What's wrong wiht adding a block.db device later?

Stefan

Am 23.04.20 um 20:34 schrieb Stefan Priebe - Profihost AG:
Hi,
if the OSDs are idle the difference is even more worse:
# ceph tell osd.0 bench
{
      "bytes_written": 1073741824,
      "blocksize": 4194304,
      "elapsed_sec": 15.396707875000001,
      "bytes_per_sec": 69738403.346825853,
      "iops": 16.626931034761871
}
# ceph tell osd.38 bench
{
      "bytes_written": 1073741824,
      "blocksize": 4194304,
      "elapsed_sec": 6.8903985170000004,
      "bytes_per_sec": 155831599.77624846,
      "iops": 37.153148597776521
}
Stefan
Am 23.04.20 um 14:39 schrieb Stefan Priebe - Profihost AG:
Hi,
Am 23.04.20 um 14:06 schrieb Igor Fedotov:
I don't recall any additional tuning to be applied to new DB
volume. And assume the hardware is pretty the same...

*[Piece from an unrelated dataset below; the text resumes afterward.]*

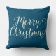 Merry Christmas Blue Beige Christmas Throw Pillow.
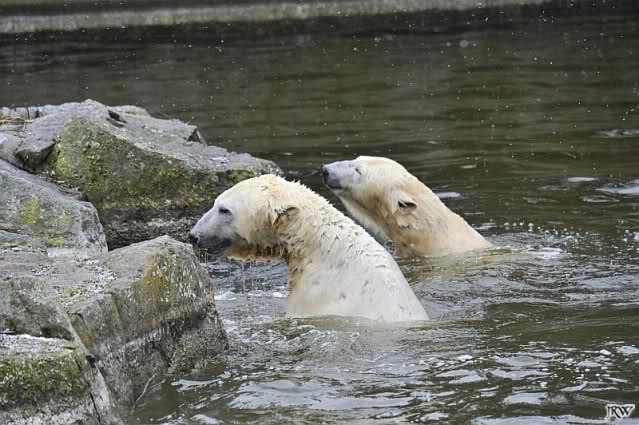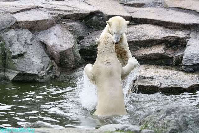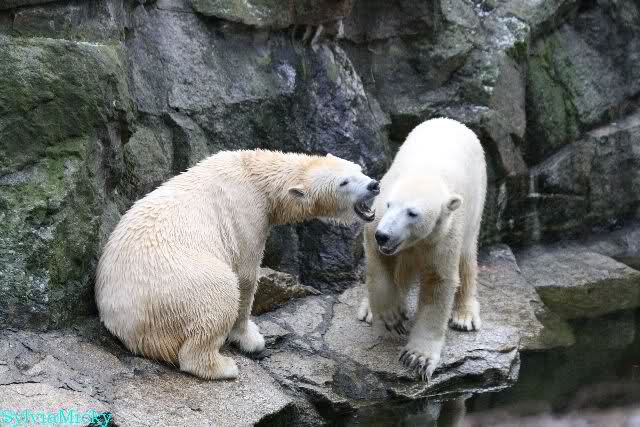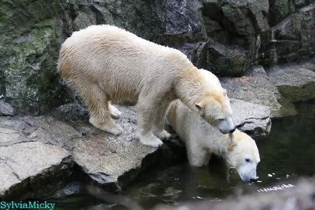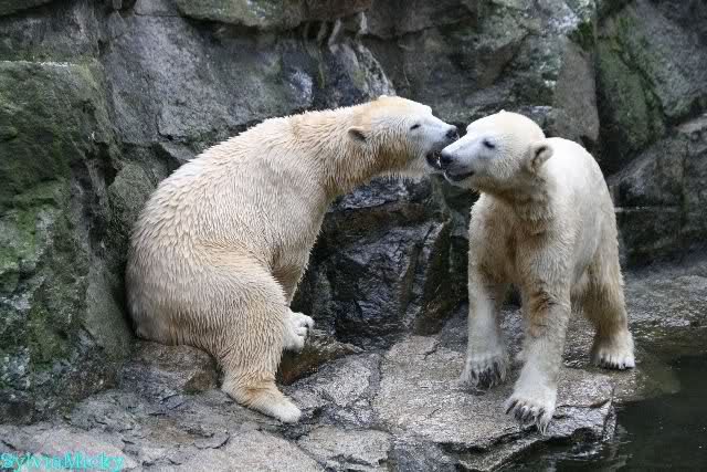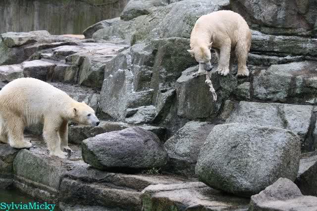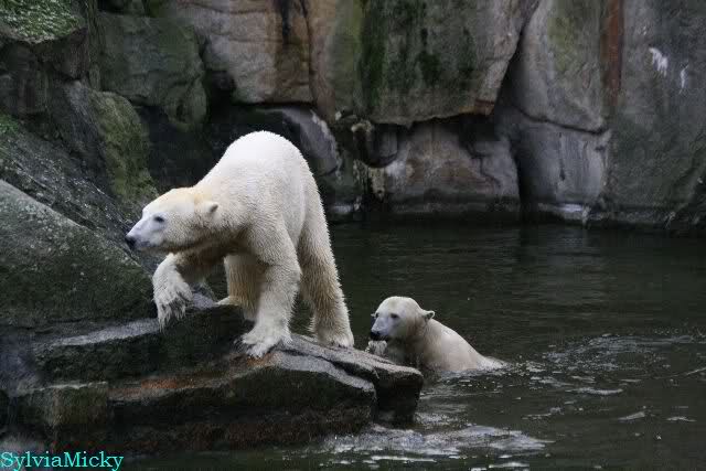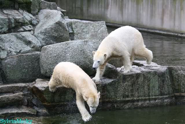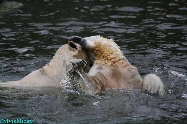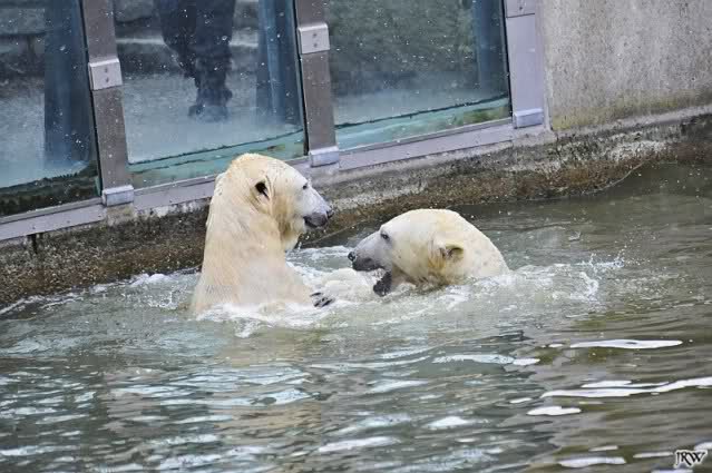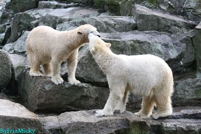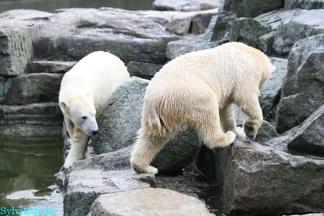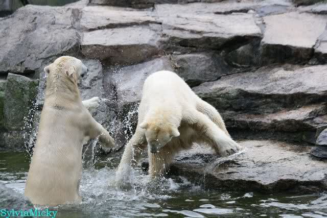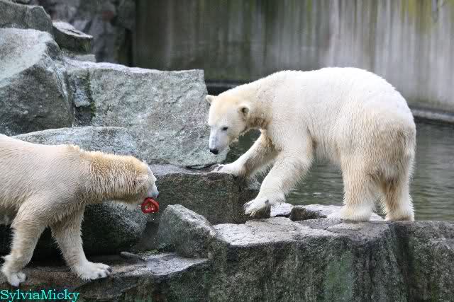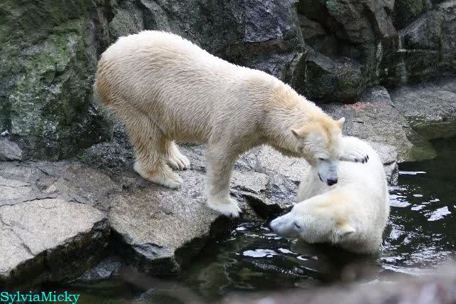 Dear Sylvia, it was all worth it to wait a bit longer for these wonderful pics. And OK, a mother should not bite her son, but maybe she only wanted to motivate him for some "actions" (especially given his "lazy" day yesterday). The think that pleases me the most is the fact that apparently, Knuti can often make stop Tosca from making her strange "dancing". I still hope and pray that one day he will be successful to stop it entirely.

Do you still have any significant amount of data spilled over
for these updated OSDs? If not I don't have any valid
explanation for the phenomena.
just the 64k from here:
https://tracker.ceph.com/issues/44509

You might want to try "ceph osd bench" to compare OSDs under
pretty the same load. Any difference observed
Servers are the same HW. OSD Bench is:
# ceph tell osd.0 bench
{
       "bytes_written": 1073741824,
       "blocksize": 4194304,
       "elapsed_sec": 16.091414781000001,
       "bytes_per_sec": 66727620.822242722,
       "iops": 15.909104543266945
}

# ceph tell osd.36 bench
{
       "bytes_written": 1073741824,
       "blocksize": 4194304,
       "elapsed_sec": 10.023828538,
       "bytes_per_sec": 107118933.6419194,
       "iops": 25.539143953780986
}


OSD 0 is a Toshiba MG07SCA12TA SAS 12G
OSD 36 is a Seagate ST12000NM0008-2H SATA 6G

SSDs are all the same like the rest of the HW. But both drives
should give the same performance from their specs. The only other
difference is that OSD 36 was directly created with the block.db
device (Nautilus 14.2.7) and OSD 0 (14.2.8) does not.

Stefan

On 4/23/2020 8:35 AM, Stefan Priebe - Profihost AG wrote:
Hello,

is there anything else needed beside running:
ceph-bluestore-tool --path /var/lib/ceph/osd/ceph-${OSD}
bluefs-bdev-new-db --dev-target /dev/vgroup/lvdb-1

I did so some weeks ago and currently i'm seeing that all osds
originally deployed with --block-db show 10-20% I/O waits while
all those got converted using ceph-bluestore-tool show 80-100%
I/O waits.

Also is there some tuning available to use more of the SSD? The
SSD (block-db) is only saturated at 0-2%.